NEW YORK (Reuters) – Georgia-based slot machine operator Lucky Bucks filed for bankruptcy Friday, saying that it had reached a deal to cut $500 million in debt and turn over the company’s equity to its lenders.

Lucky Bucks suffered from increasing interest rates on its debt, an inflationary environment that reduced consumers’ use of slot machines, and a regulatory crackdown on slot machine operators in Georgia, according to its court filings in Wilmington, Delaware bankruptcy court.

Georgia law places strict limits on slot machines, prohibiting cash winnings, and preventing locations like gas stations and convenience stores from having more than nine slot machines or deriving more than 50% of their revenue from slot machines, according to the company.

The state’s increased policing of those rules caused the removal of 500 Lucky Bucks slot machines in the first five months of 2023 alone, according to court documents.

Headquartered in Norcross, Georgia, Lucky Bucks operates in 345 locations throughout Georgia with approximately 2,300 slot machines.

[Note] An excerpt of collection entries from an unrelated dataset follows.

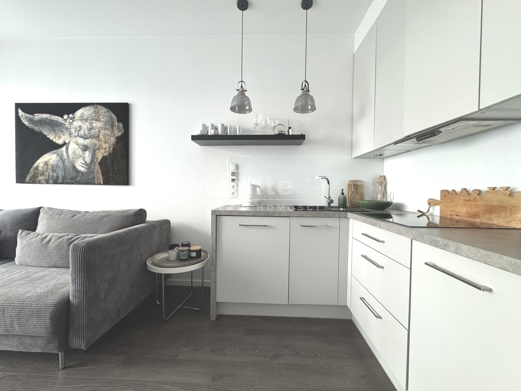 Kuchnia w pełni wyposażona w gustowne meble w zabudowie oraz sprzęt AGD: lodówkę, zmywarkę.
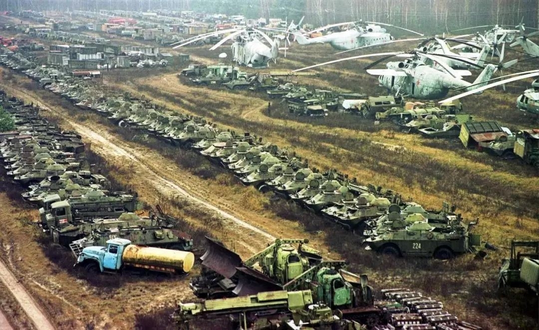 由于切尔诺贝利核电站的辐射量超乎想象,所以苏军在救援救灾中使用的2000多辆坦克、直升机、车辆等,在行动结束后全部被抛弃在当地,不再使用。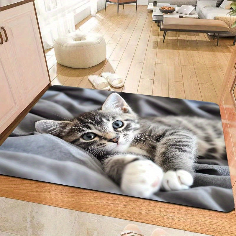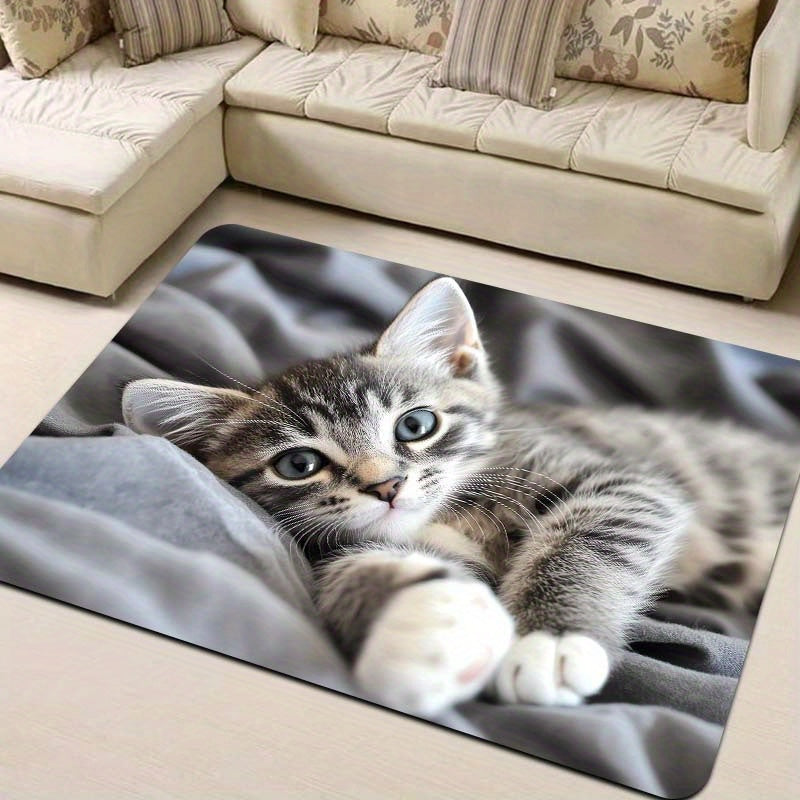 Элегантный коврик для пола с рисунком кошачьей кровати — функциональный коврик для игровой комнаты, ванной комнаты, кухни и жилых помещений — легкоочищаемый полиэстеровый коврик с противоскользящей ПВХ-основой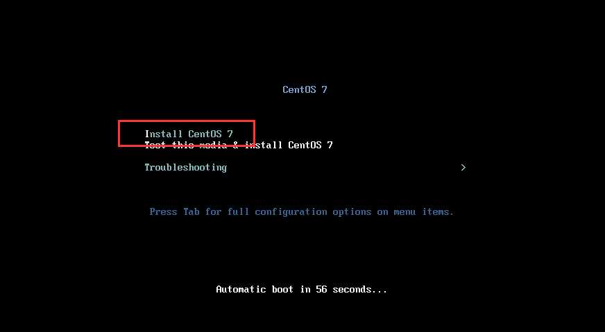 点击开启虚拟机,出现选项,用上下键选择第一个选项进行安装。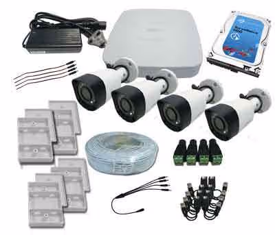 4 Channel DVR CCTV kit, Dahua 4 channel 1080N/720P XVR, 1 x 1TB hard drive, 4 x Dahua 2 MP dome cameras, 1 x power supply, 1 x 100m cat 5 cable, 4 x video baluns, 4 x DC plugs, 4 x round junction enclosure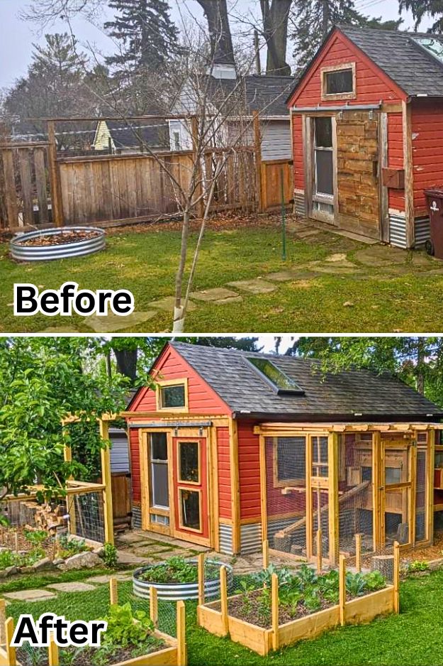 While I was busy making dalgona coffee during quarantine, u/purple_sack_lunch went all out and turned an old garage into a home office that looks straight into a chicken coop. It’s got raised beds, DIY planters, and just four chickens, so it stays surprisingly clean. Honestly, I’d probably spend more time watching “chicken TV” than actually working, but it feels like one of those projects that made lockdown a little brighter and still pays off every day.

The machines are classified as “skill-based” games under Georgia law, and winning must be redeemed for non-cash merchandise or lottery tickets instead of cash.

James Boyden, Lucky Bucks’ executive vice president of corporate development, said in a statement that the bankruptcy would not cause any disruption for the company’s employees, business partners, or consumers.

Lucky Bucks may choose to sell its business if a buyer steps forward with a better offer than the proposed debt-reduction deal, according to court documents. Lucky Bucks entered bankruptcy with $610 million in debt. The proposed restructuring is supported by 86% of the company’s lenders, the company said in a statement.

Lucky Bucks is owned by private equity firm Trive Capital, which acquired the company as part of its 2020 acquisition of the formerly public company Seven Aces.

Before filing for bankruptcy, Lucky Bucks had lobbied for a Georgia law that would have protected slot machine operators from “predatory” competition. The proposed bill, which was not passed by Georgia’s legislature, would have prevented a new slot machine from being installed in the nine months following the removal of a different company’s slot machine.

The case is Lucky Bucks Inc, U.S. Bankruptcy Court for the District of Delaware, No. 23-10758.

For Lucky Bucks: Dennis Dunne and Tyson Lomazow of Milbank LLP and Russell Silberglied of Richards, Layton & Finger PA

Read more:

ATM maker Diebold Nixdorf files for bankruptcy to cut $2 billion in debt

Atlantic City casino-hotels accused in scheme to boost room rates

(Reporting by Dietrich Knauth)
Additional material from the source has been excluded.